**TASK OBJECTIVE:**
Using the listing below, give again exactly the lines from the line with "鳥屋野潟公園 女池地区を巡回していたところ・・・ セミの抜け殻が同じ場所に" to the line with "Da der vorhergesagte", inclusive, without the pictures.

**DATASET EXTRACT:**
-=-=-
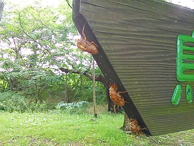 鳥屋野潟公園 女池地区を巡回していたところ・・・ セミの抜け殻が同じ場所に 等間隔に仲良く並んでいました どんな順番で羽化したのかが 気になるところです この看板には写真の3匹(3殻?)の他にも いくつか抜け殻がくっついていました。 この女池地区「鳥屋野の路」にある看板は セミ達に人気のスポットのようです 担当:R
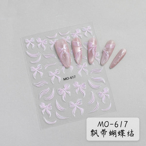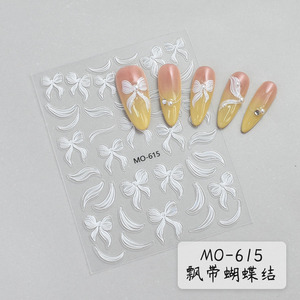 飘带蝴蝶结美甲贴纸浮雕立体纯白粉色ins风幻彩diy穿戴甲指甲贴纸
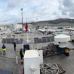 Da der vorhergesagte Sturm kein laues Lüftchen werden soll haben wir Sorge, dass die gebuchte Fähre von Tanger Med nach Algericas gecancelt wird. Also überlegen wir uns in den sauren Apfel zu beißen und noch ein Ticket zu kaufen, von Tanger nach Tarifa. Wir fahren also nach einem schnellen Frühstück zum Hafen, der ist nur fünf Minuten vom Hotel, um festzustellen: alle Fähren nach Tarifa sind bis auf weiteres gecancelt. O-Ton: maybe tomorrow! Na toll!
-=-=-
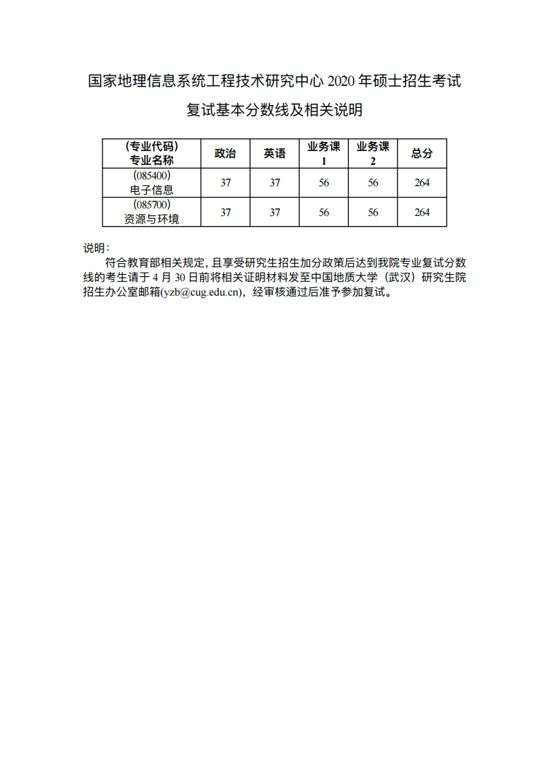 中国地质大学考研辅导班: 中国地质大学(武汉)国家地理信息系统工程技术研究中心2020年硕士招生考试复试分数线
-=-=-
**EXERCISE RESPONSE:**
 鳥屋野潟公園 女池地区を巡回していたところ・・・ セミの抜け殻が同じ場所に 等間隔に仲良く並んでいました どんな順番で羽化したのかが 気になるところです この看板には写真の3匹(3殻?)の他にも いくつか抜け殻がくっついていました。 この女池地区「鳥屋野の路」にある看板は セミ達に人気のスポットのようです 担当:R
 飘带蝴蝶结美甲贴纸浮雕立体纯白粉色ins风幻彩diy穿戴甲指甲贴纸
 Da der vorhergesagte Sturm kein laues Lüftchen werden soll haben wir Sorge, dass die gebuchte Fähre von Tanger Med nach Algericas gecancelt wird. Also überlegen wir uns in den sauren Apfel zu beißen und noch ein Ticket zu kaufen, von Tanger nach Tarifa. Wir fahren also nach einem schnellen Frühstück zum Hafen, der ist nur fünf Minuten vom Hotel, um festzustellen: alle Fähren nach Tarifa sind bis auf weiteres gecancelt. O-Ton: maybe tomorrow! Na toll!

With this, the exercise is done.